Chairman of the Board, Caterpillar
- In office November 1, 2010 – March 31, 2017
- Preceded by: James W. Owens
- Succeeded by: Dave Calhoun

= Doug Oberhelman =

American businessman (born 1953)

Douglas R. Oberhelman (born February 25, 1953) is an American businessman. He is the former CEO and Executive Chairman of Caterpillar Inc. in Peoria, Illinois.

==Biography==

===Early life and education===
Oberhelman was raised in Woodstock, Illinois, where his father was a John Deere salesman. His family originates from Westphalia, Germany. Oberhelman attended Millikin University, where he was a member of Sigma Alpha Epsilon. He graduated with a Bachelor of Arts in Finance in 1975.

===Career===
Oberhelman joined Caterpillar shortly after his college graduation in 1975. He became a Caterpillar Vice President in 1995, serving as Chief Financial Officer from 1995 to 1998. He succeeded Jim Owens as CEO on July 1, 2010 and as Executive Chairman of the Board on November 1, 2010. Oberhelman retired from Caterpillar in 2017.

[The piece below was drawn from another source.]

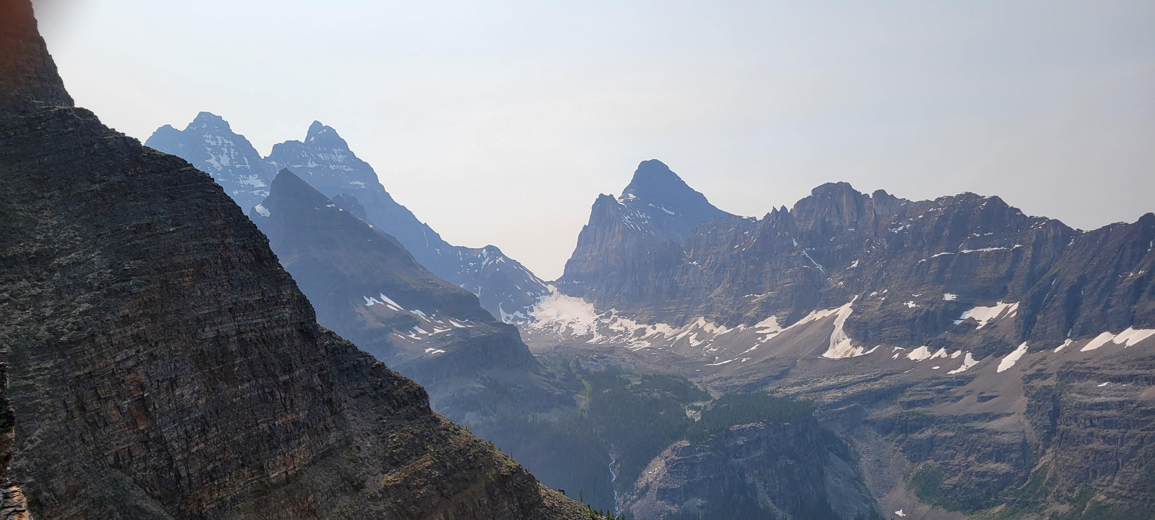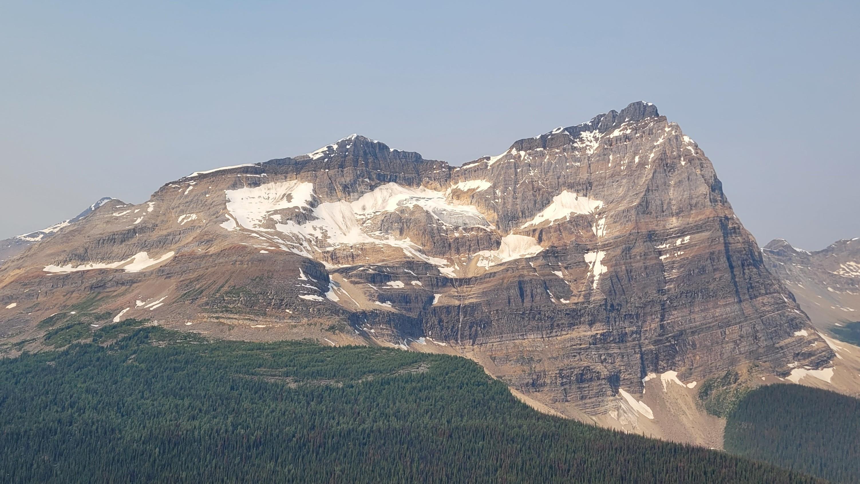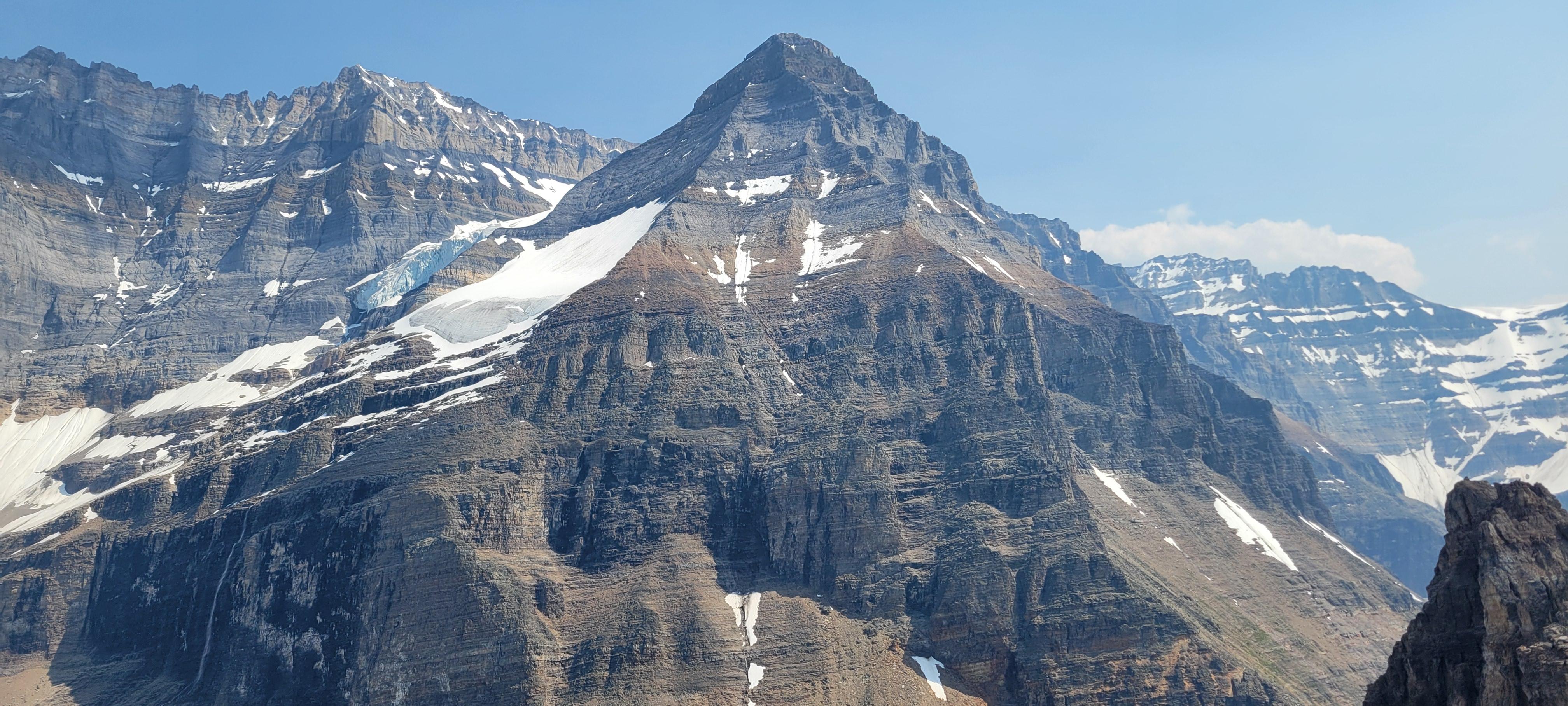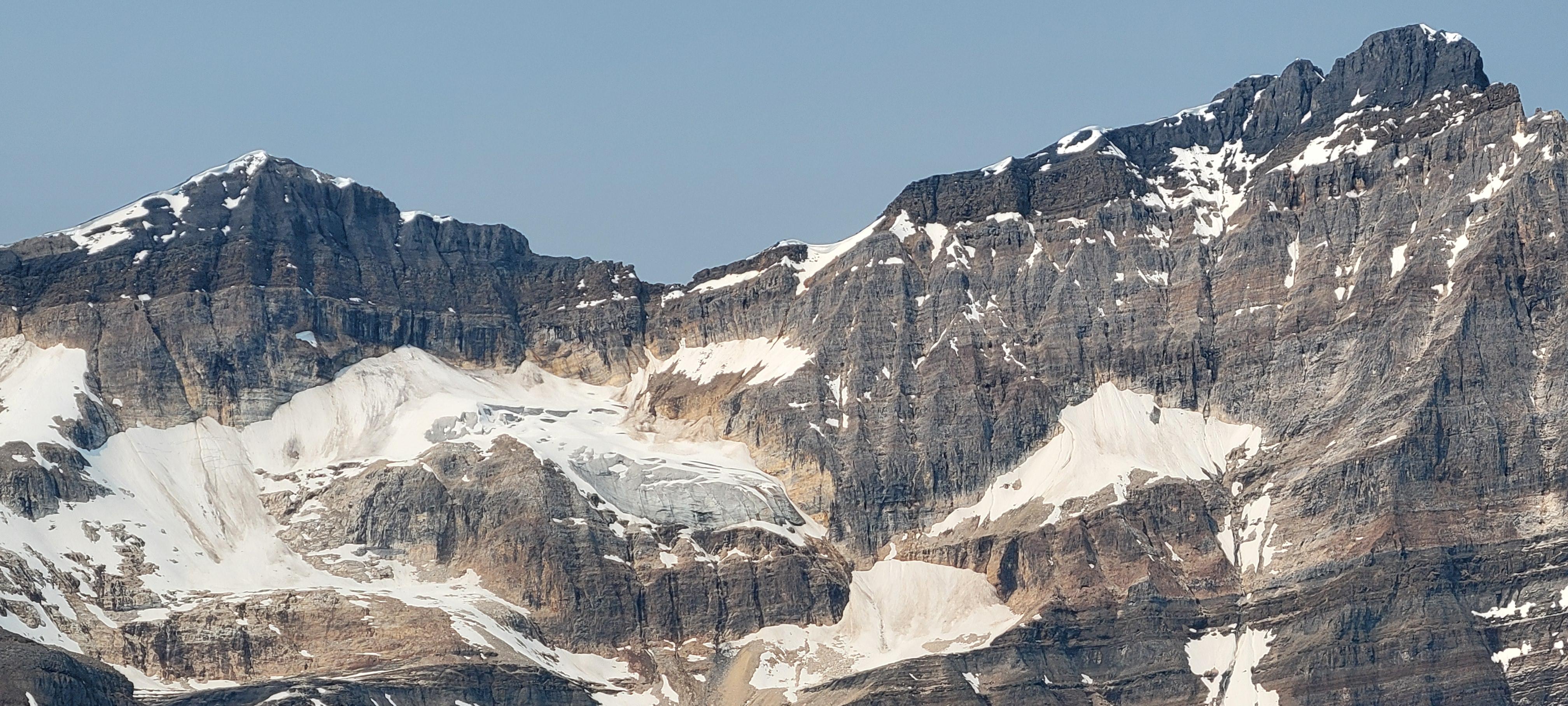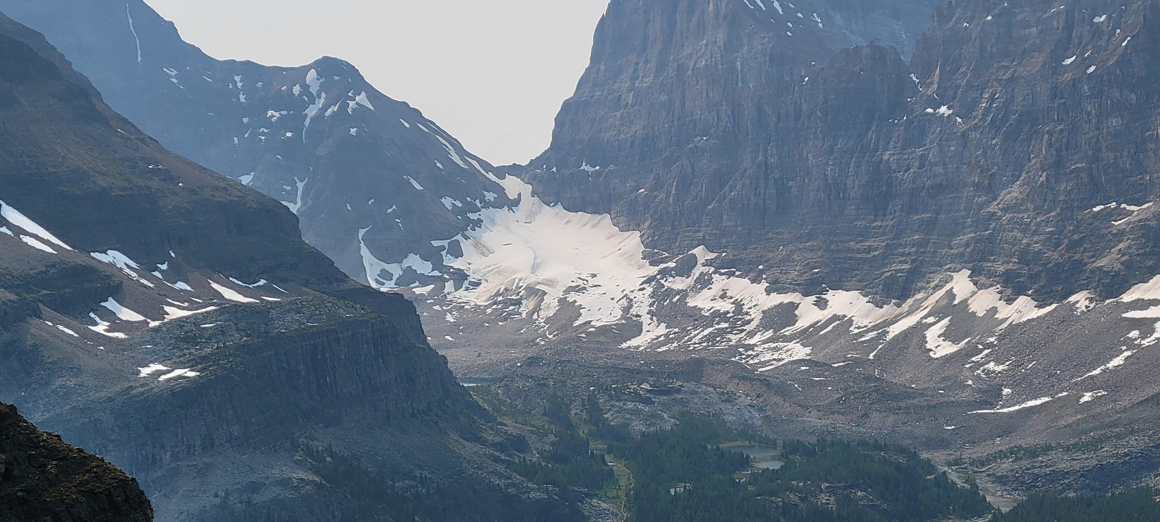 The Odaray Glacier is mostly snow-covered, as is the approach to the Huber-Victoria Col. The Hungabee West Ridge is mostly snow-free, though some lingering patches may still produce rockfall, and the Opabin Glacier remains snow-covered.

He sat on the board of Ameren until April 27, 2010. He served as Vice Chairman of the Executive Committee of The Business Council in 2013 and 2014.

In September 2009, he was elected to the Board of Directors of World Resources Institute.

===Personal life===
His wife, Diane Oberhelman, is chairwoman of Cullinan Properties Ltd.

In 2011 Oberhelman earned an income (including options, bonus etc.) of $16.9 million, a sixty percent increase from his earnings the previous year.